Q: What is the strategic rationale for the OSTRO acquisition, and how much did it contribute to the full-year guidance increase? /
A: OSTRO is a compliant AI engagement platform that lets biopharma deliver instantaneous answers to healthcare provider and patient questions directly on their digital channels. It integrates natively with Viva's existing commercial offerings, including Cross-X measurement and open evidence channels, and unlocks new commercial evidence insights by capturing unfiltered user questions. OSTRO contributes ~$10 million to the remaining three quarters of fiscal 2027, accounting for two-thirds of the $15 million increase in full-year commercial subscription guidance.
Q: Why did you only raise full-year guidance by $5 million after R&D outperformed full-year guide by a couple points in Q1? Is there hidden downside we should expect? /
A: The minimal guidance increase reflects the same dynamic we shared at the start of the year: R&D's strong growth is driven by early-cycle products that are still scaling. We are very happy with Q1 performance and the momentum from the quarter, and the conservatism is not tied to any hidden headwinds or expected weakness in the back half of the year.

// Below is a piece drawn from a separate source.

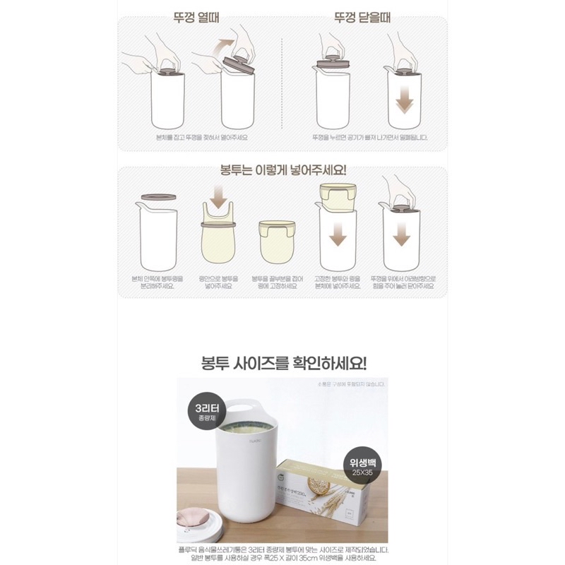 韓國代購🇰🇷絕美精品廚具 fluidic 二代奶油米白色 真空廚餘桶3L/一代廚餘桶+垃圾袋30p 套裝

Q: What is your update on top 20 large pharma CRM migrations, and how many do you expect to win? /
A: We have 10 wins out of our static 5-year-old top 20 list so far, with 4 decisions remaining to be made in the rest of 2027. We have an over 80% win rate in CRM this year, and we expect to win a majority of the 4 remaining decisions. We do not comment on a specific final number until all decisions are finalized.